Scheduling Strategies for a Happier Team

by | Communication, Leadership

Creating a staff schedule that ensures the work you need done is covered and your employees are all happy can sometimes feel like an impossible task. Most any manager in the service industry will tell you that scheduling is one of the biggest challenges of the job. These days, there are many technology-based tools that make scheduling easier, but that increased efficiency doesn’t always translate to a happier staff.  These staff scheduling strategies can help:

Communicate Clearly

If you expect your staff members to show up when you’re counting on them, you need to make sure they fully understand their schedule. Many companies are going away from posting the schedule on the bulletin board, and instead are using tech tools to communicate the schedule. These tools are helpful, but managers should also communicate with employees directly. For your Spanish-speaking employees, this can be particularly challenging, which makes language training a must.

Give Ample Notice

Get schedules to your staff members at least two weeks in advance. This gives employees the time they need to line up personal matters that help them get to work, such as transportation and daycare. This also allows for enough time for staff members to trade shifts to cover any scheduling conflicts.

Be Flexible

Your staff has a life outside of work, and the easier you can make it for them to juggle their personal and work lives, the better off you’ll be. Do your best to accommodate special scheduling requests, and when you’re unable to, be honest with your employees as to why.

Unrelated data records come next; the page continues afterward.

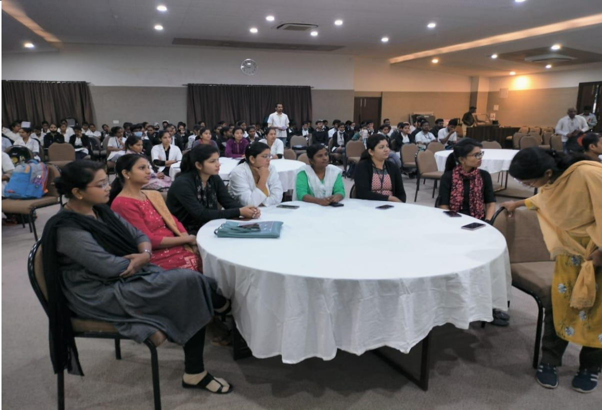
Faculty & students attending the Workshop.
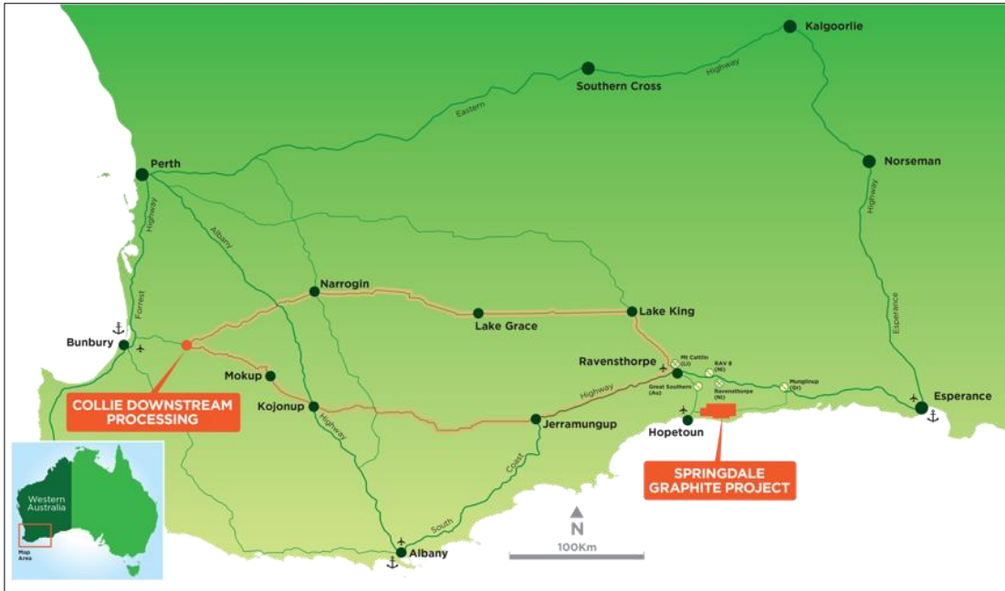
Figure 3: International Graphite project locations

The Company is in the early phases of development, spending $5,2m on exploration & evaluation at Springdale and $1.6m on midstream process development, including $759,000 on graphite processing equipment. The Company reported an operating loss for the 2022-23 financial year of $2,533,229 (2022: $2,055,940) after providing for income tax.
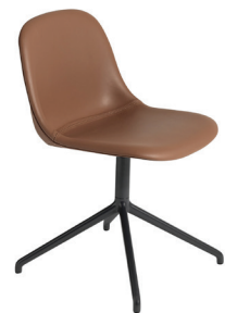
Muuto Fiber Side Chairs
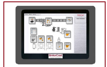
Figure 3: On-line process control and traceability
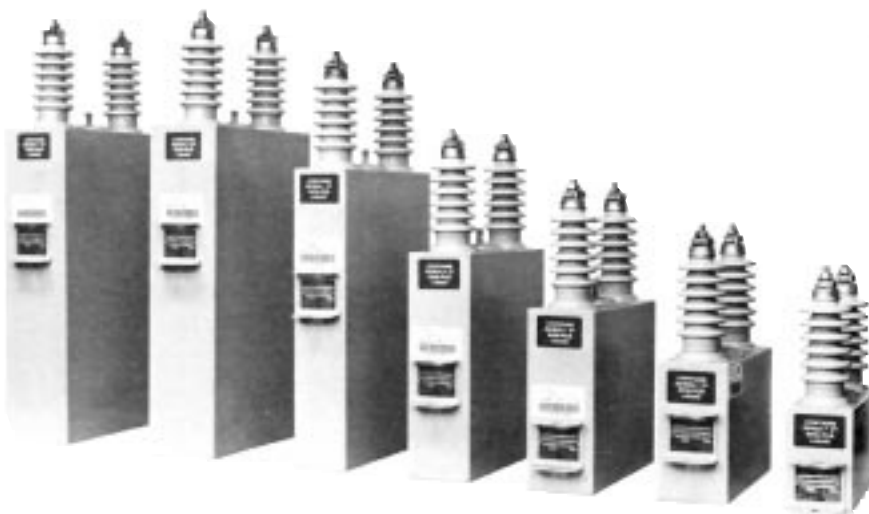
Figure 1. The family of Cooper Power Systems single-phase, all - film capacitors.
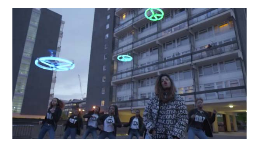
Fig.2 Double Bubble Trouble (2014), M.I.A. & The Partysquad (fair use)

amass a set of internet memes and viral phenomena – it diagnoses a weird future immanent to the present and exposes what is at stake. Interspersed between the articles that make up this edition, we include some short speculative provocations that seek to do something similar, together with some perspectives on drone culture that de-westernize such diagnoses.<sup>2</sup>
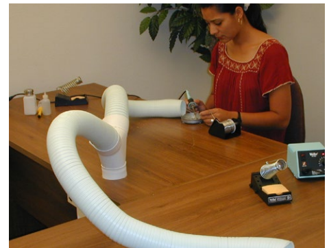
Model 200 Mounted Sentry Double allows fume extraction for two operators for a variety of applications.
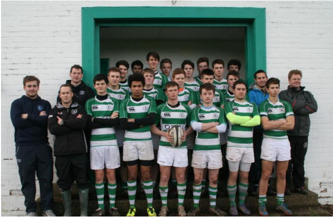
1st XV squad v ONA. More pictures can be viewed on the ONA website at the following link.

with the loose ball for the winning score. Although it was heart breaking for the school the whole squad could be proud of their performance and for putting on an excellent entertaining display of rugby.
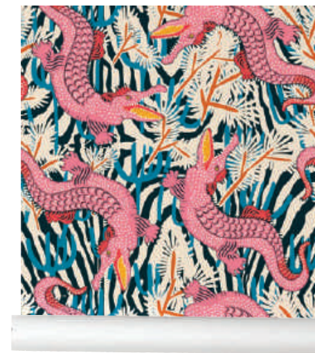
BAZAAR COSMIC GATOR PEEL AND STICK WALLPAPER from $39 per roll, spoonflower.com
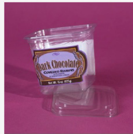
Square plastic snack containers
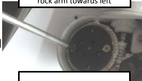
5. loose screw
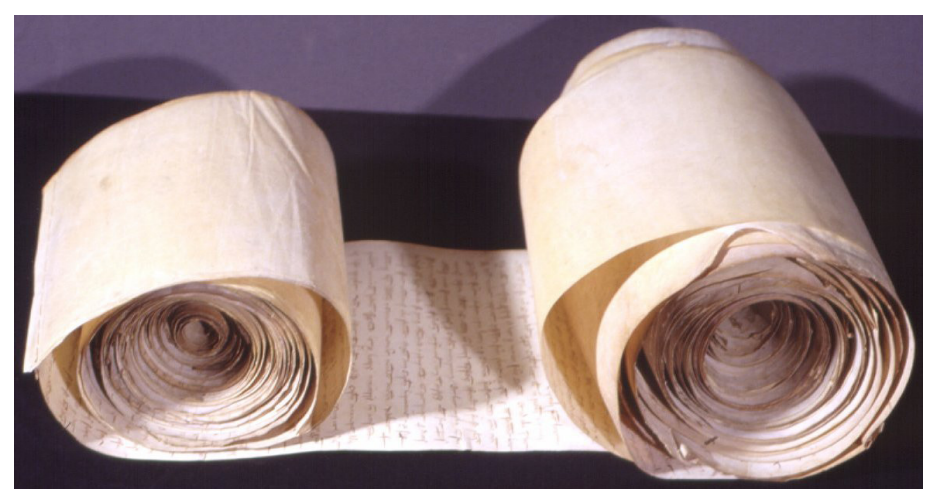
Figure 2: Parchment roll containing the preliminary phase of proceedings in the dispute between the abbess and convent of Lorvão and the cathedral chapter of Coimbra (1304–1306). Source: Lisbon, Arquivo Nacional da Torre do Tombo, Cabido da Sé de Coimbra, mç. 102, 2.ª incorporação, no. 1.

court proceedings themselves, which include procurations, court inquiries and witness depositions. From a material point of view, these records consist, as a rule, of individual folded-up parchment skins ( Figure 1 ) or parchment membranes stitched together and rolled up ( Figure 2 ), but they can also be found in miscellaneous cartularies, such as Braga cathedral's 16th-century Rerum Memorabilium ( Figure 3 ), or as part of ad hoc dossiers compiled with the purpose of documenting a specific legal dispute, such as the one that opposed, in the first half of the 14th century, the bishops of Porto and the kings of Portugal over the former's temporal jurisdiction over the city of Porto ( Figure 4 ).

You’ll inspire loyalty among staff members when you make a genuine effort to help them balance work with other parts of their lives.

Have a Backup Plan

Speaking of balance, as a manager you’re likely all too familiar with trying to land perfectly in the middle between over-staffed and under-staffed on any giving shift. You don’t want your workers to get in the weeds because they don’t have enough support, and you also don’t want to have to send people home early when you have too many people on a shift. Cross-training on a variety of positions can be invaluable and can also provide opportunities for staff members who want to move up. Also consider providing small incentives to staffers who are willing to be on call for your busiest shifts.